Japan's Article 30-4: a permissive AI-training exception

In 2018 Japan amended its Copyright Act (Act No. 30 of 2018) to add Article 30-4, a flexible exception widely regarded as one of the most permissive in the world for AI training. The provision allows the exploitation of a copyrighted work, to the extent necessary, when the purpose is not to “enjoy” the work - that is, not to perceive the thoughts or feelings expressed in it as a human reader, viewer, or listener would - but rather for purposes such as technology development, data analysis, and computer information processing. Machine learning on copyrighted data falls squarely within this “non-enjoyment” category, because a model extracts statistical patterns rather than appreciating the expressive content.

The Japan Agency for Cultural Affairs later confirmed, in its general understanding on AI and copyright, that Article 30-4 applies in principle to training generative AI models, whether for commercial or non-commercial use, without requiring the rightsholder’s permission. The exception is not unlimited: a proviso withholds the benefit where the use would “unreasonably prejudice the interests of the copyright holder,” and using AI to reproduce expressive content for human enjoyment is treated as a separate, regulated act.
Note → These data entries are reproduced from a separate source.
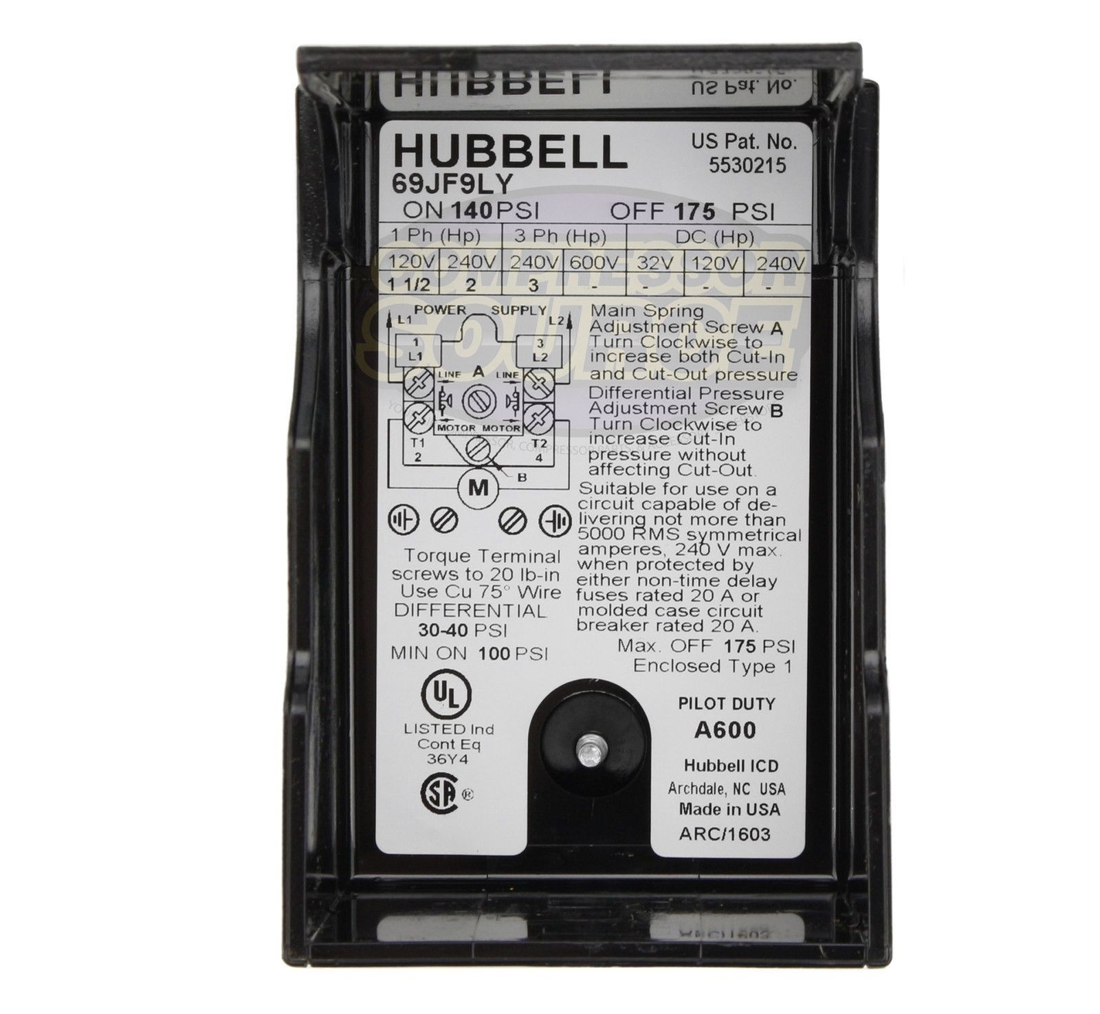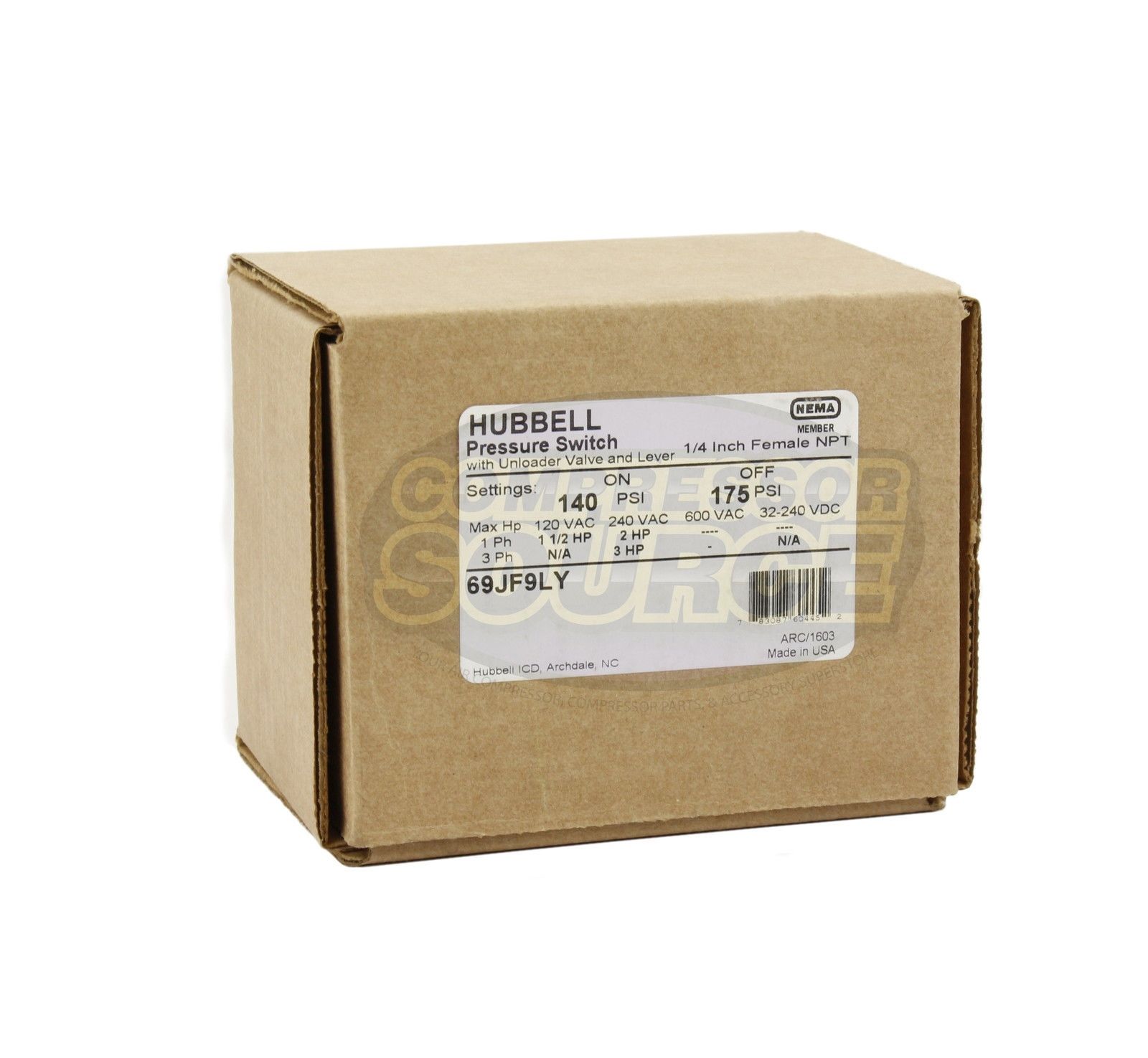Hubbell/Furnas 140-175 PSI air compressor pressure switch control valve with a single 1/4” female NPT air inlet connection port. The switch listed is a universal replacement pressure switch that replaces brands such as Furnas, Square-D, and more. This switch is equipped with an unloader valve, an on/off lever, and a single 1/4” female NPT air inlet port. ( Note: 1/4” NPT measures about 1/2” in diameter.) The unloader equipped on this switch is used to unload the air pressure off the head of the compressor when the compressor shuts off, this way when it starts there is no pressure on the piston and the compressor can start load free. This valve usually has a 1/4" plastic or copper line that runs to the check valve or the head of the compressor. If your compressor does not have an unloader line then this valve can be left not hooked up and the pressure switch will still function properly.
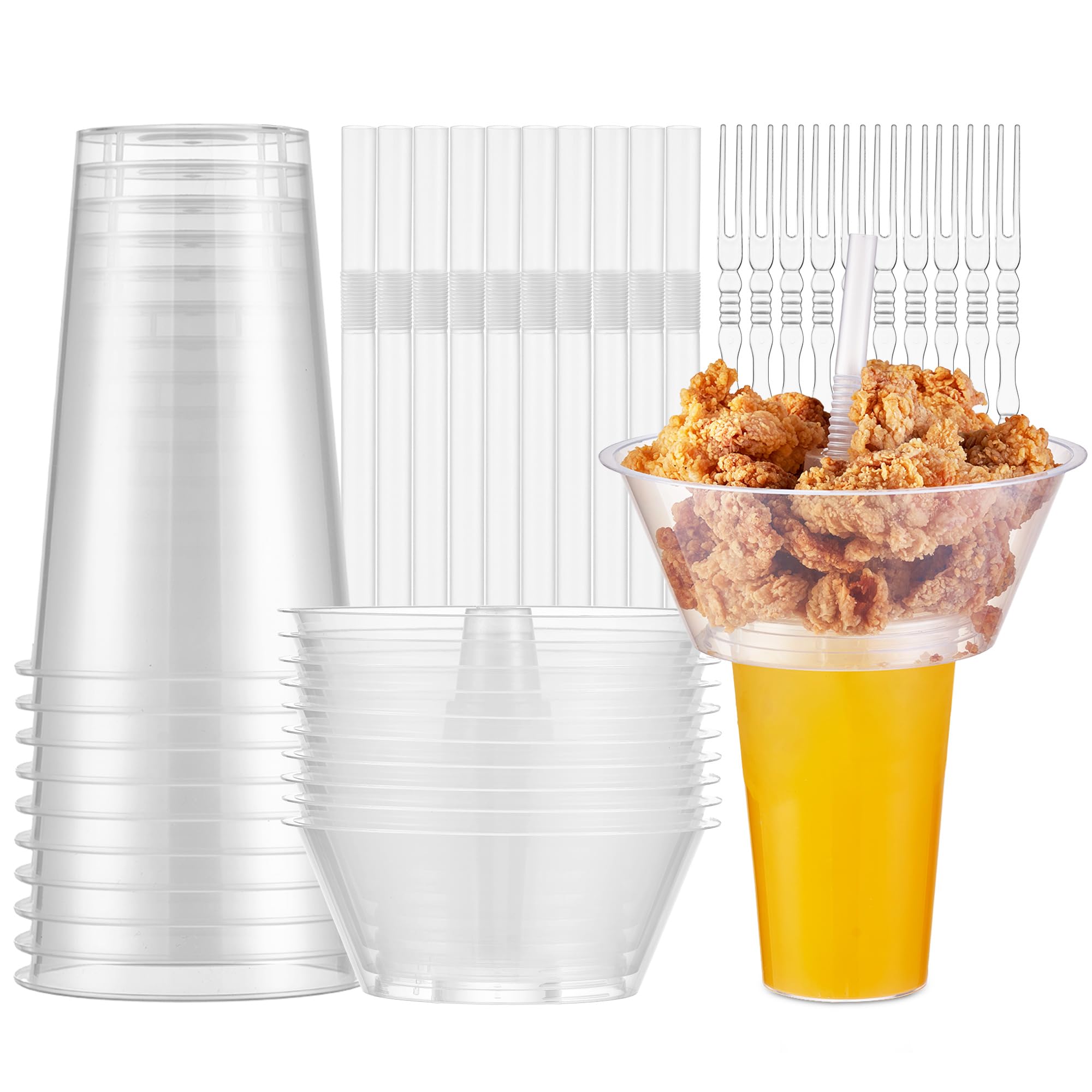 Casarak Snack and Drink Cup, 10 Sets Disposable Plastic Cup with Snack Bowl on Top Includes 10 Cups, 10 Bowls,10 Straws, 20 Forks for Party, Stadium, Patron and Movie Night
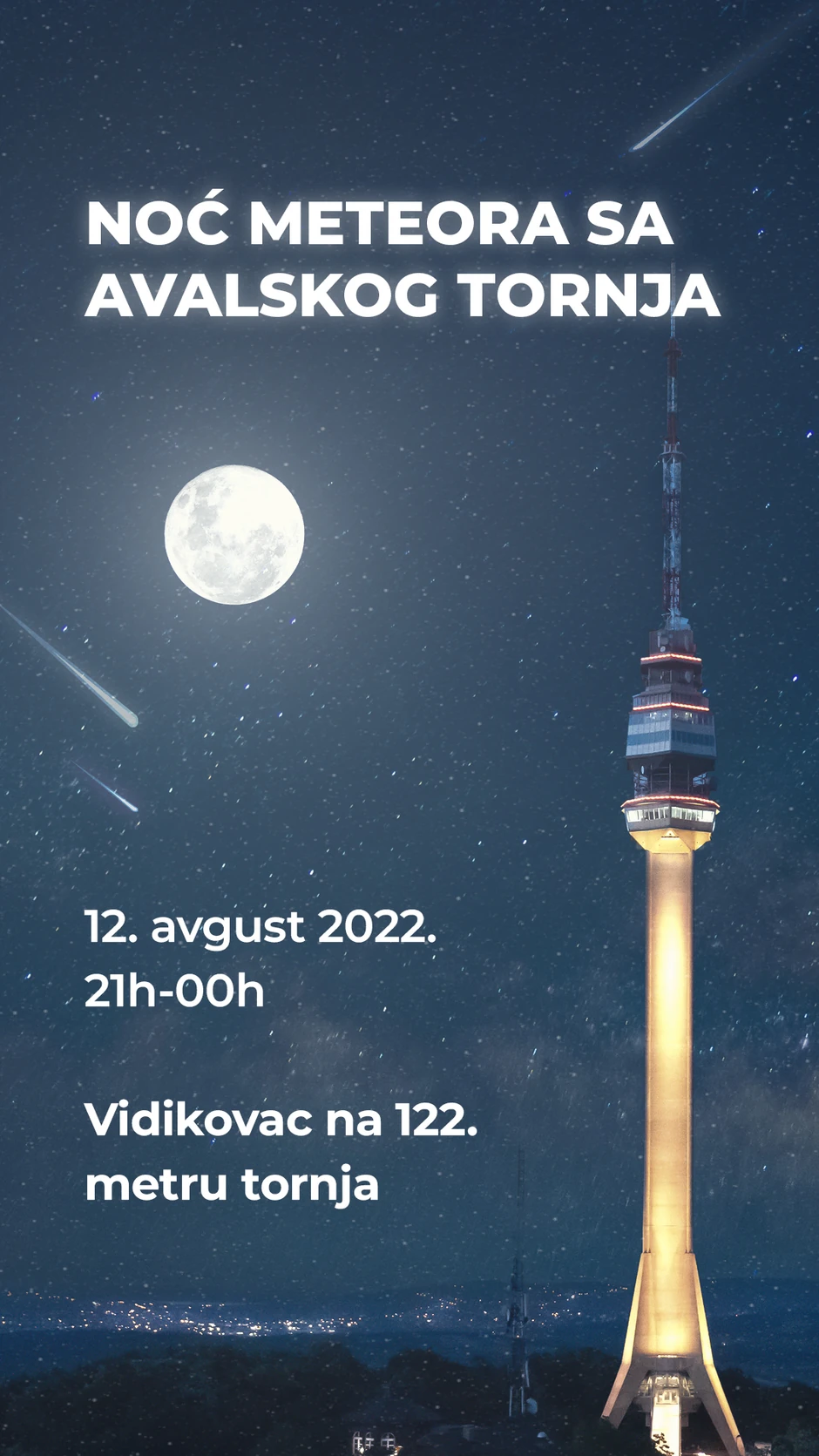 Prvi put će u petak za posetioce biti otvoren Avalski toranj do ponoći, kako bi imali priliku da sa vidikovca na 122 metru, uživaju u jedinstvenoj noći! Povod je posmatranje meteorskog roja Perseidi, koji su svake godine ukoliko je vedro, u avgustu vidljivi golim okom.
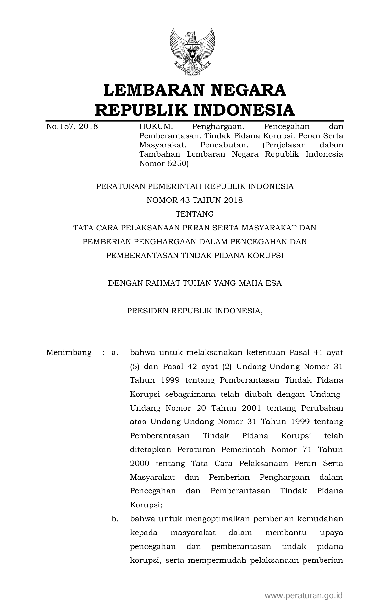 PP Nomor 43 Tahun 2018 | Peraturan Pemerintah Nomor 43 Tahun 2018 tentang Tata Cara Pelaksanaan Peran Serta Masyarakat dan Pemberian Penghargaan Dalam Pencegahan dan Pemberantasan Tindak Pidana Korupsi
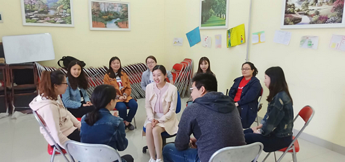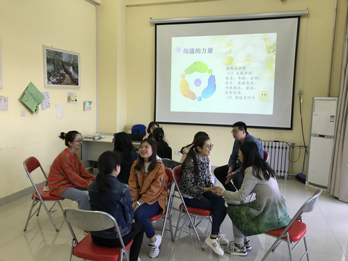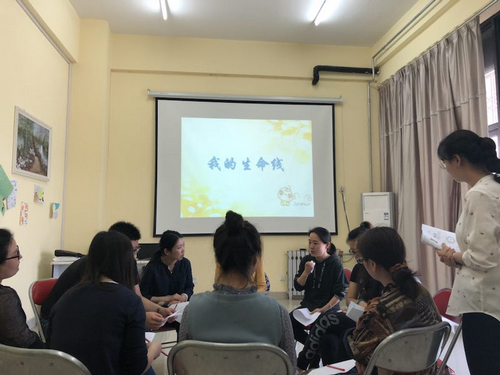 培训活动自4月8日至4月26日,分四次开展。首次培训中,段老师介绍了团体辅导的内涵、适用范畴及基本发展阶段,通过体验式培训,从团体辅导的热身环节、订立团队契约、分组行动到组建团队,鼓励老师们敞开心扉,增进交流,建立良好的团队关系。第二次团辅中,段老师带领成员利用“情绪雕塑”、“镜中人”游戏感受情绪语言、提高共情能力,通过分组竞赛促进团队合作,激发身体潜能。第三次团辅中,通过一系列认识自我的活动安排,促进成员自我探索,利用团体资源解决成员近期的困惑,增进团体信任感。最后一次团辅中,利用趣味接龙、荒岛求生等游戏热身,优点轰炸让成员的心与心更加贴近,生涯环游让成员们打开与自身心灵的对话,感受与自己身体的“连结”。
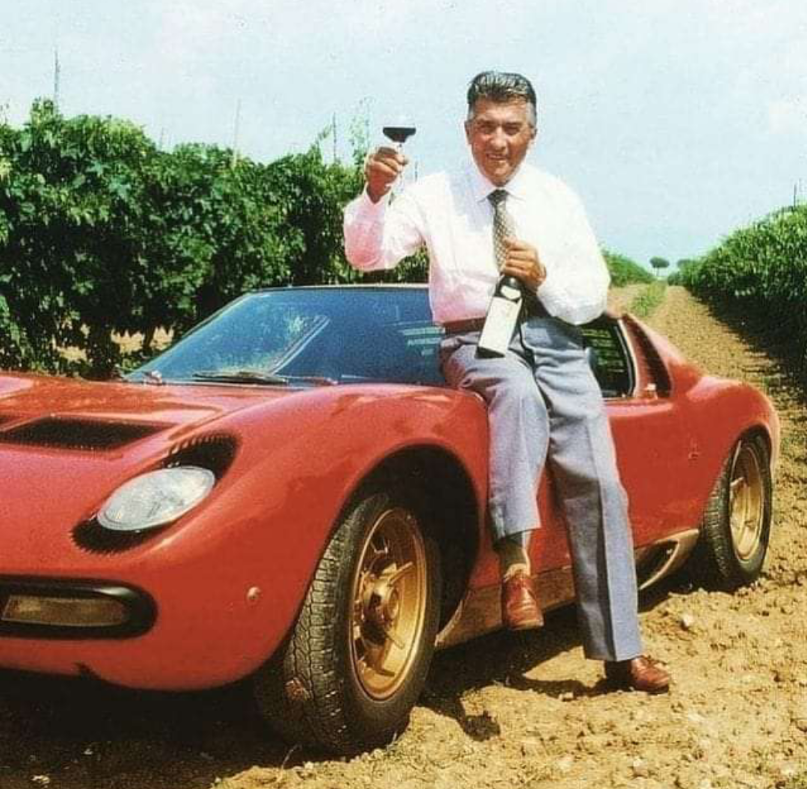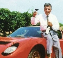 Den Weintrinker kenne ich nicht. Das Auto ist ein Lamborghini Miura aus dem Jahr 1966.
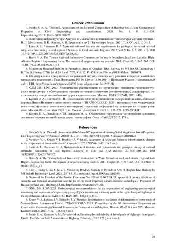 3. Lanis A. L., Razuvaev D. A. Systematization of features and requirements for geological survey of railroad subgrades functioning in cold regions // Sciences in Cold and Arid Regions. 2017. Vol. 9, Iss. 3. Р. 205-212. DOI: 10.3724/SP.J.1226.2017.00205 EDN: XOEQKD
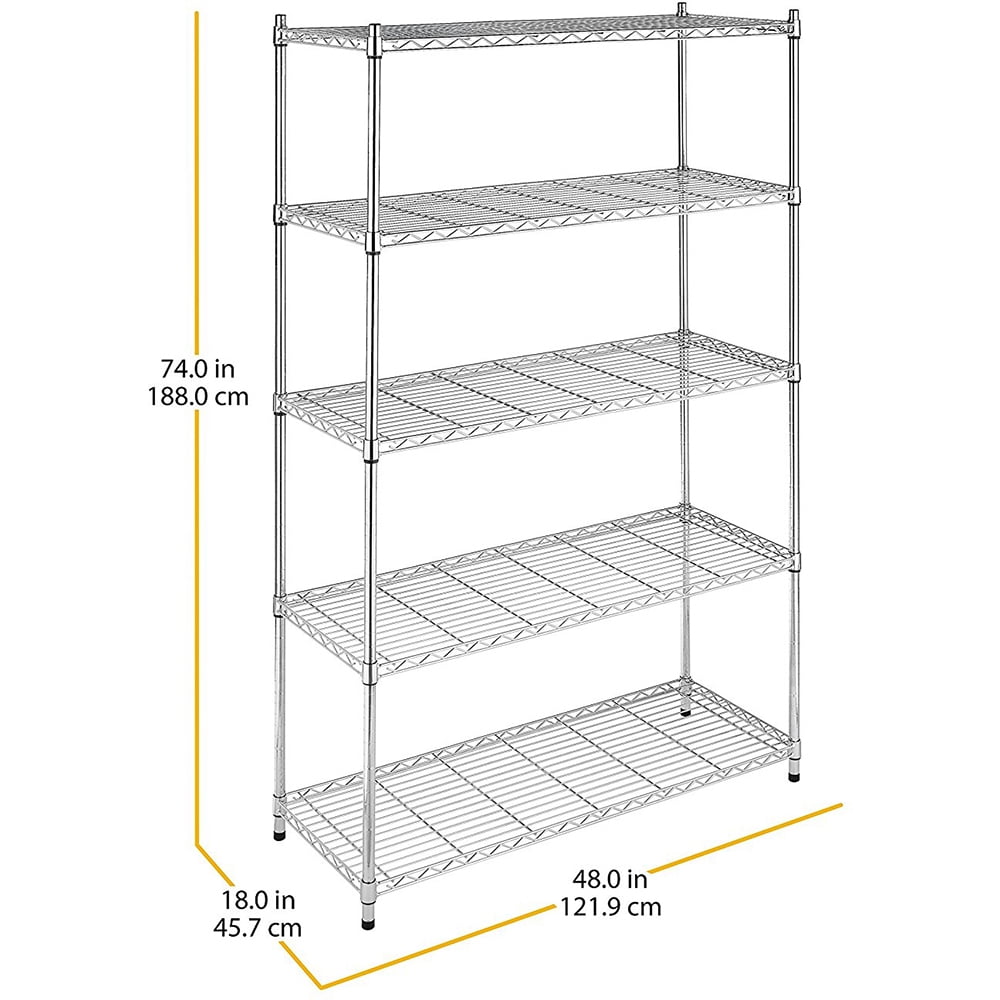Freestanding Shelves Durable steel construction with leveling feet and grid wire shelves that adjust in 1″ increments. Whitmor’s Supreme 5-Tier Storage Shelves are NSF-approved for industrial or residential use Wipe clean with a damp cloth Easy no tools required assembly Product Type: Storage Rack Color: Chrome Material: Steel Number of Tiers: 5 Assembly Required: Yes. Style # 6058-3885, Supreme Adjustable 5-Shelf Freestanding Shelves, Silver Adult use
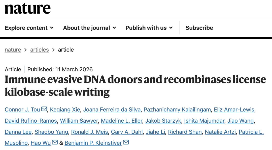 3 月 11 日,Full Circles 公司吴昊作为共同通讯作者,谢克强作为共同第一作者,在 Nature 期刊发表了题为:Immune evasive DNA donors and recombinases license kilobase-scale writing(免疫逃逸 DNA 供体和重组酶实现千碱基规模的基因写入)的研究论文【6】。
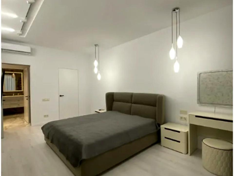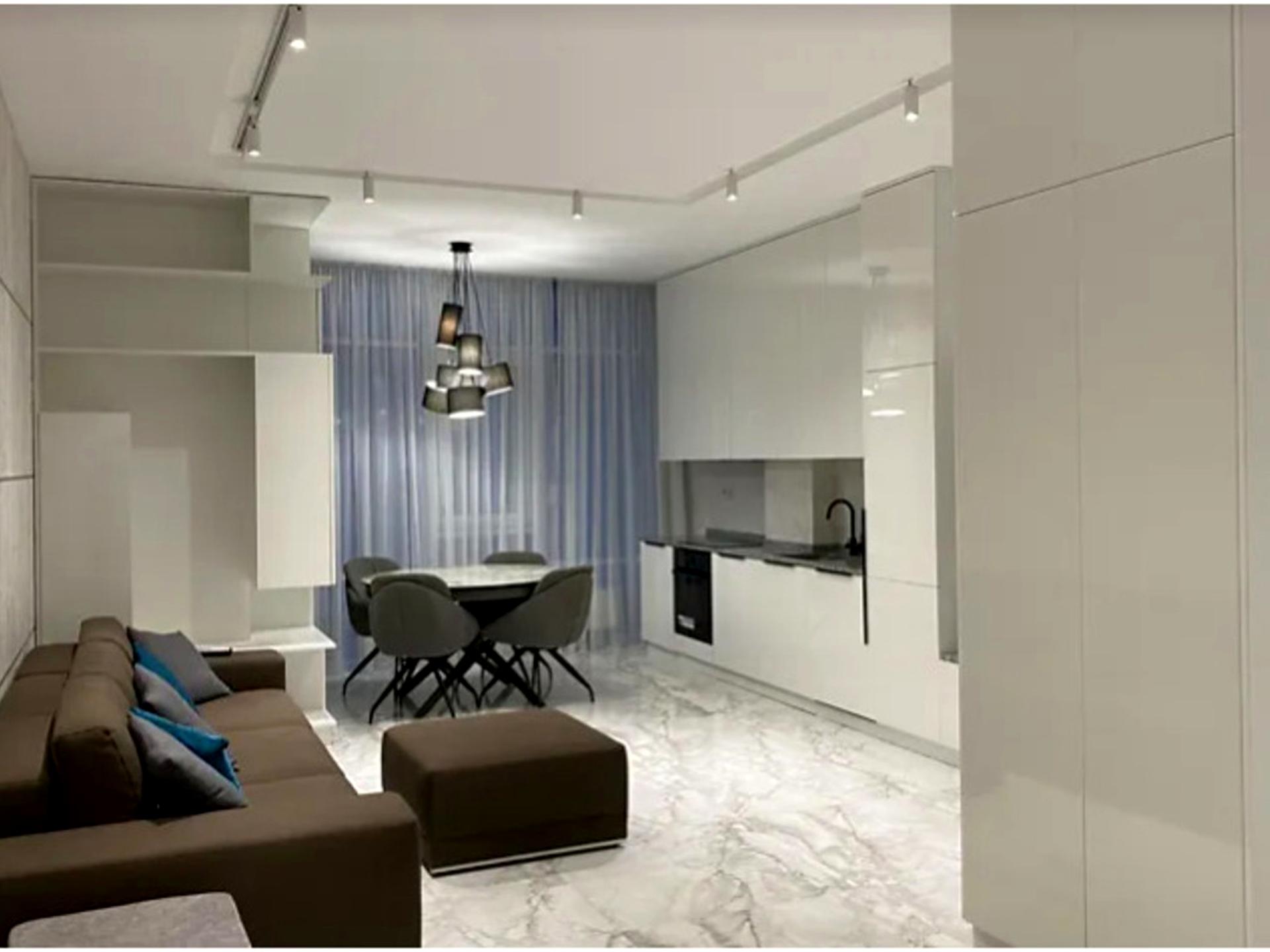Дизайнерський ремонт у світлих кольорах. Дві спальні та кухня-вітільня. Вбудовані меблі, техніка відомих виробників, два санвузли з душовими кабінами і є ванна, дві гардеробні, 2 шафи-купе, 2 бойлери по 100літрів кожний, висота стелі - 3м.Підігрів підлоги, охоронна сигналізація.

But the baseline rule is strikingly favorable to training, and Japan has explicitly positioned this stance as a way to attract AI development.

Why business readers should care: jurisdiction matters enormously for AI training. Japan’s “non-enjoyment” exception offers far more headroom than the EU’s opt-out or the contested US fair-use defense, which is why where a model is trained - not just by whom - is now a strategic legal question.